Big data analytics (BDA) encompasses a set of activities oriented toward the transformation of enormous amounts of raw data into meaningful insights, the discovery of hidden patterns, and the prediction of the likelihood of future events. A BDA ecosystem is a collection of software solutions that support the different phases and activities of this process. Many different approaches, techniques, and tools have been proposed for each of these phases, making it difficult for data engineers and organizations to understand their advantages and disadvantages, the way in which they address the main BDA challenges, their similarities and differences, and their impact on the ecosystem as a whole.

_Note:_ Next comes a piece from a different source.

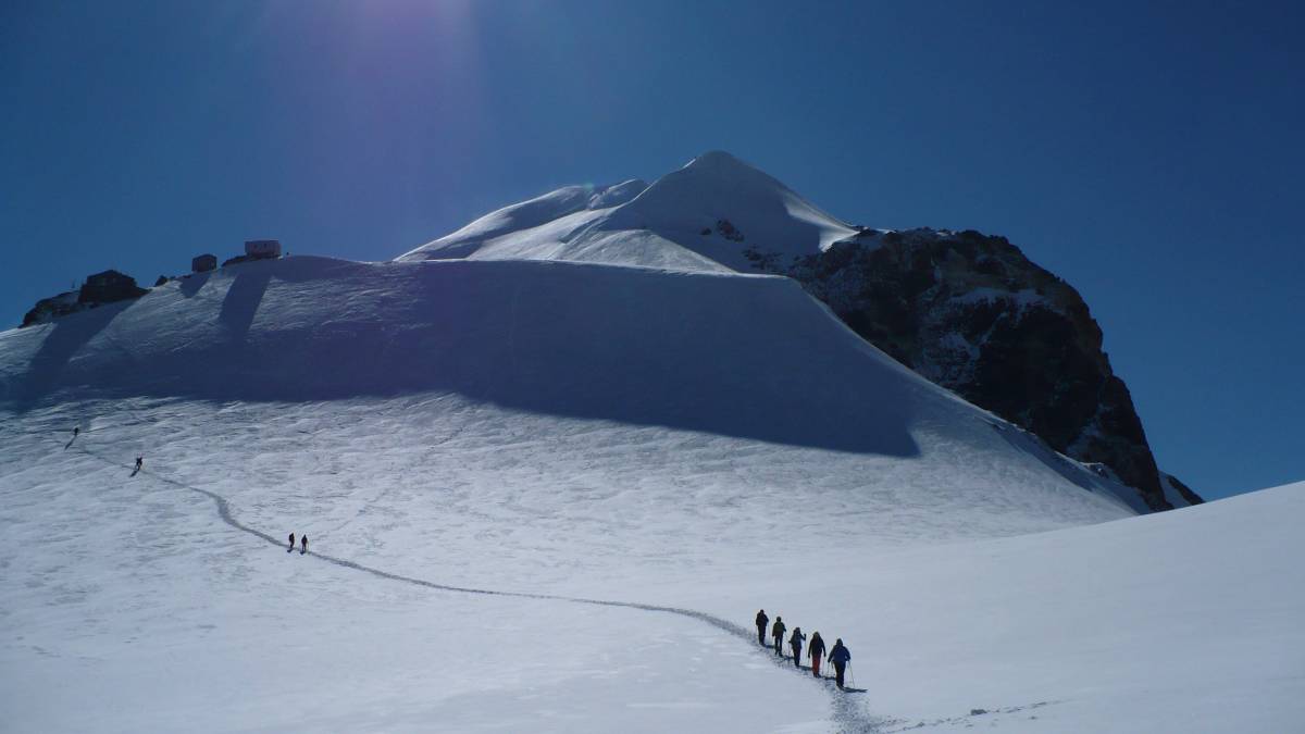 További állomások: Karkara – 2200 m, North Inylchek alaptábor – 4000 m. Karkarából akklimatizációs túrákat tesznek a környező hegyekbe, majd két-három nap után folytatják az utat az alaptáborból. Innen kezdődik a mászás, amely 4 táboron át vezet a csúcsig: 1-es tábor (4700 m), 2-es tábor (5500 m), 3-as tábor (5900 m), 4-es tábor (6400 m).

The goal of this survey is to help shed some light on this complex scenario. First, the problem is subdivided into six main pillars or capabilities that the BDA ecosystem should address (storage, processing, orchestration, assistance, user interface, and deployment method). Then, a taxonomy is proposed to organize the different approaches for each pillar.

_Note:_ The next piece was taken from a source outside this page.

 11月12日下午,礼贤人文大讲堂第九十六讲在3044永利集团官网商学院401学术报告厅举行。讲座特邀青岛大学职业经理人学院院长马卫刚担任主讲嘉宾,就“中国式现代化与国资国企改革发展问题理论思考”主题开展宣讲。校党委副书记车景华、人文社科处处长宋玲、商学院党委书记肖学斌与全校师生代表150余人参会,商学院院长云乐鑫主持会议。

Following the schema provided by the taxonomy, the paper goes into a thorough overview of the existing approaches, covering both the description of how BDA goals and challenges are addressed and which are the main software solutions that implement them.
Finally, the criteria to be used for the selection of components in order to assemble an ecosystem are exposed (organization’s objectives, data characteristics, and available skills), providing some recommendations for the appropriate components in different use cases.
This paper is a very interesting survey that provides detailed guidance to BDA practitioners and high-level abstraction tools to help organizations and decision makers.